Natural or Synthetic, that is the question!
Like cars, sports teams, and politics, we like to root for one and actively root against the other. Following the same tactic, athletic field surfaces are no different. Most people are on either team “Natural” or team “Synthetic”. The problem here is that both provide benefits to the end-user and there is nothing inherently good or bad when it comes to athletic field surfaces. There are only factors that influence the decision to choose one over the other (i.e. price, environment, tradition, etc.). These factors should be reviewed carefully and chosen based on the best possible outcome for the end-user.
Natural Playing Surfaces
Natural fields are what Mother Nature and Father Time have given us, with a little help from the sports field management industry, all the ingredients needed for a playing field, grass, and soil. Since we have been using grass and soil to play on fields, we have continued to improve the conditions by better grass genetics and varieties, college-educated managers, engineering infield mixes, improved fertilizer, herbicide, and fungicide formulas, etc. All of this has allowed us to manicure and care for natural athletic fields at the highest levels, by the best players in the world, successfully.
The benefits of natural fields come in no shortage. Possibly the biggest benefit is how the soil, grass, and clay interact, and give us the ability to customize how our fields play. We can make a field softer or harder, longer or shorter, and exactly how players like it. Further on the soil, grass, and clay interaction; the grass and clay surfaces provide a stable playing surface, but also the flexibility needed for the torque, compression, and contact our bodies have with playing fields. There are still injuries on natural fields, but highly unlikely to be caused solely by the field.
Natural fields are also cheaper, overall. The costs are somewhat evenly split between initial construction and long-term maintenance programs. Depending on the level of play, initial construction can cost between $100-500k, but the maintenance programs can cost $10-100k per year. Both of those factors can put a natural field cost range from $200k - $1.5m. Synthetic fields, which we will cover in a minute, range from $750k - $1.5m. So the high-end fields will likely come out evenly between the two, but the low-end fields, even with brand new construction and minimal maintenance plan, can be as low as $200k! That’s only $20k/year cost to have a mid-level athletic field.
Synthetic Playing Surfaces
Synthetic playing surfaces have been around since the 1970s. As with natural fields, and through scientific research and the sports field management industry, synthetic fields have also greatly improved. The earliest synthetic fields were short, hard, and rough. Now the fields are longer and softer, with characteristics that are getting closer and closer to replicating exactly how a natural field plays. While natural fields have made great strides in safety, playability, and aesthetics, synthetic fields have made those same strides, but in about a quarter of the time natural fields did. Synthetic fields have accomplished this through significant investment into the research and development, and marketing of their product.

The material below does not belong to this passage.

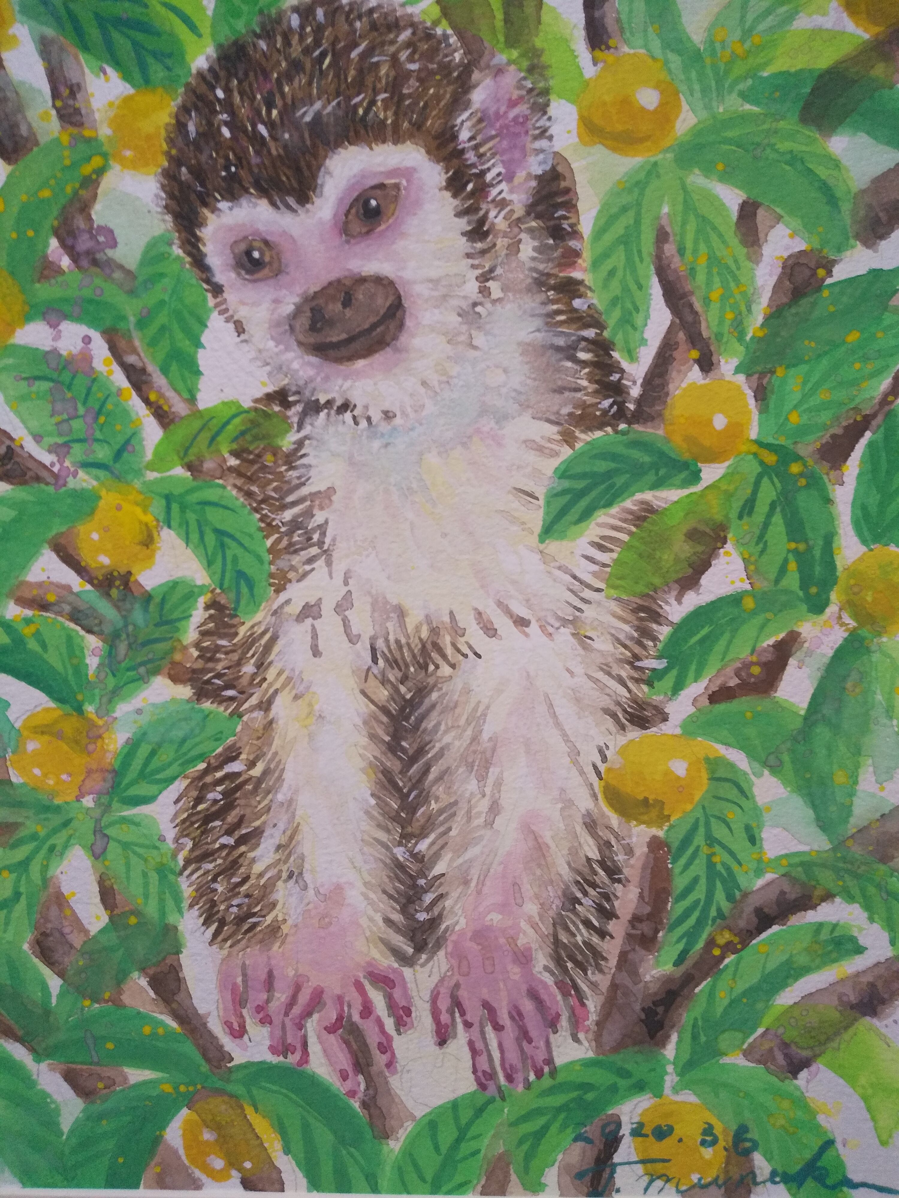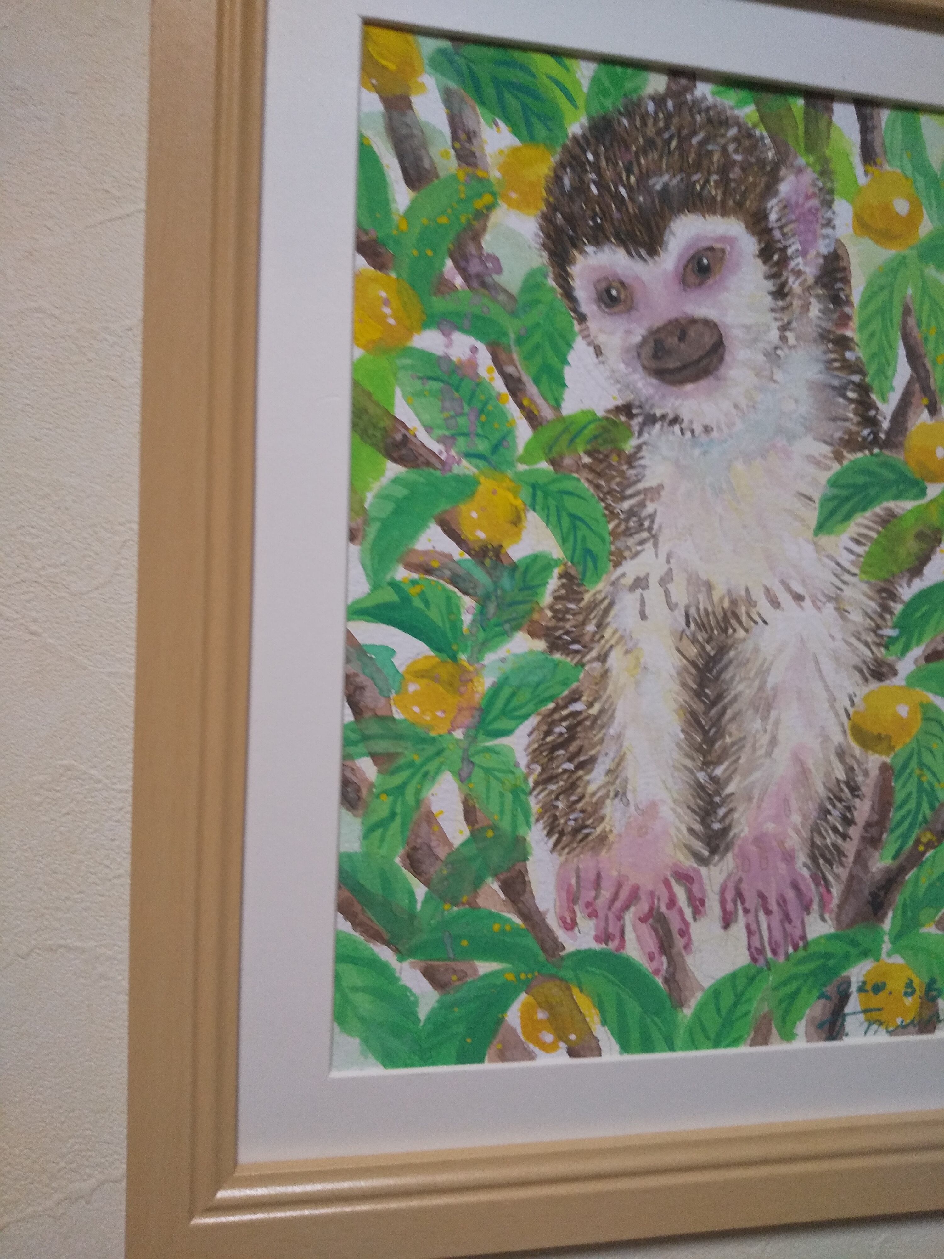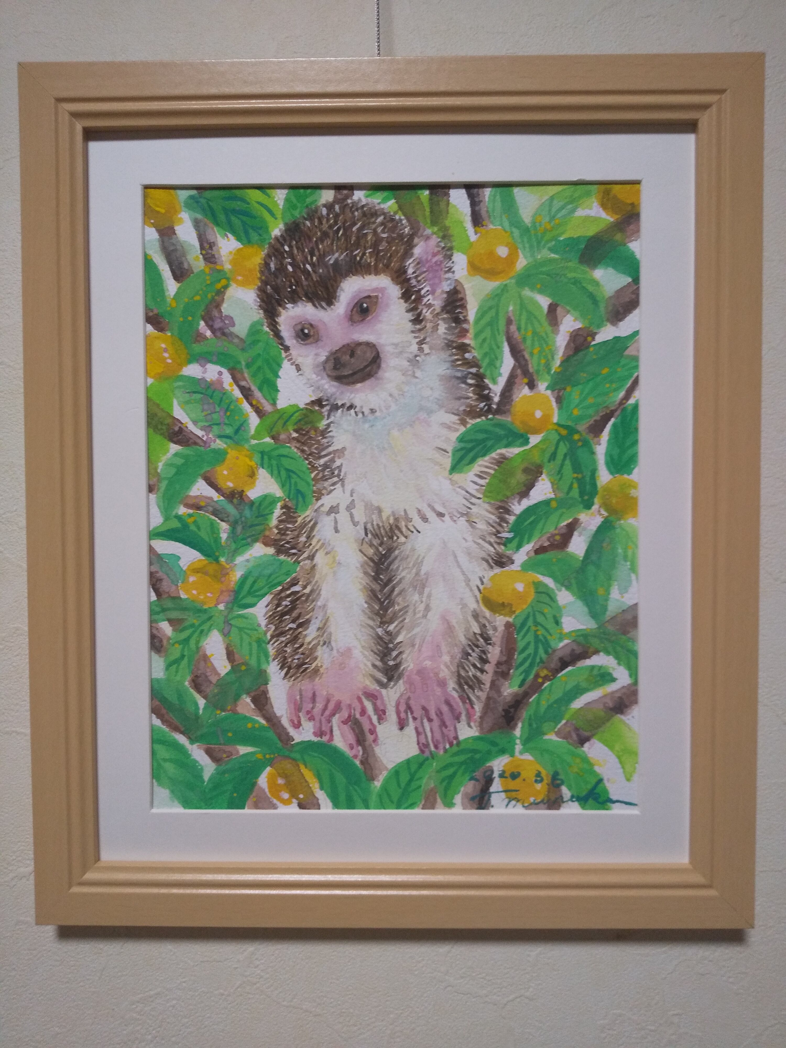 リスザル 水彩 額装 サイズ 横26.5cm 縦31.5cm 色 ナチュラル 額付き

One of the biggest benefits of synthetic is playability. You can play on a synthetic field essentially, and any time of the year, day or night. The only limitation is snow or ice, but even then, synthetic fields give you many more options to remedy those issues without damaging the field. You can play through rain, if no lightning, with almost no effect on the playing field. That is extremely powerful since rainouts are a nuisance in outdoor sports.
Another big benefit is reduced cost and time of maintenance for synthetic fields. No matter what anyone tells you, synthetic fields need maintenance, and a good amount of it, but not as much as natural. You still must keep the fibers standing tall and not laying down, check and refill the crumb rubber, clean out debris, check for over-compaction, and some more, but even with all of that, there is still significantly less maintenance compared to natural.
Lastly, being able to customize the layout of your field, with paint or inlaid lines, gives synthetic the ability to play many sports on one field at one location. While playing too many games on synthetic can reduce its lifespan, it won’t make the field unplayable in the interim. This allows schools and parks to have all athletes play on a nice field, but also the ability to rent out the field to other teams if they want to use it. This is where the field can recoup some of its high costs.
In a perfect world, we could do a hybrid option and save money while increasing playability, but there are plenty of difficulties that come along with that. This still is a valuable and viable option, but it usually needs to fit a very specific situation. There are grass systems that implement a hybrid synthetic fiber planted into an existing grass field, but this also comes with difficulties and is expensive.
Sometimes this can be a hard comparison because they are both very different, but very similar at the same time. If budget is your biggest concern, then natural will almost always be the best fit. If rainouts and playability is your biggest concern, then synthetic will likely be the best fit for you. As with much in life, the rest is a personal preference.
Like I said before, there is nothing inherently good or bad when it comes to athletic field surfaces. There is no right or wrong answer. There are times when certain benefits are more important for end-users. In those cases, they should choose the product that works best for them. Prioritize your needs and see which one fits the best and go with that option. You can’t go wrong!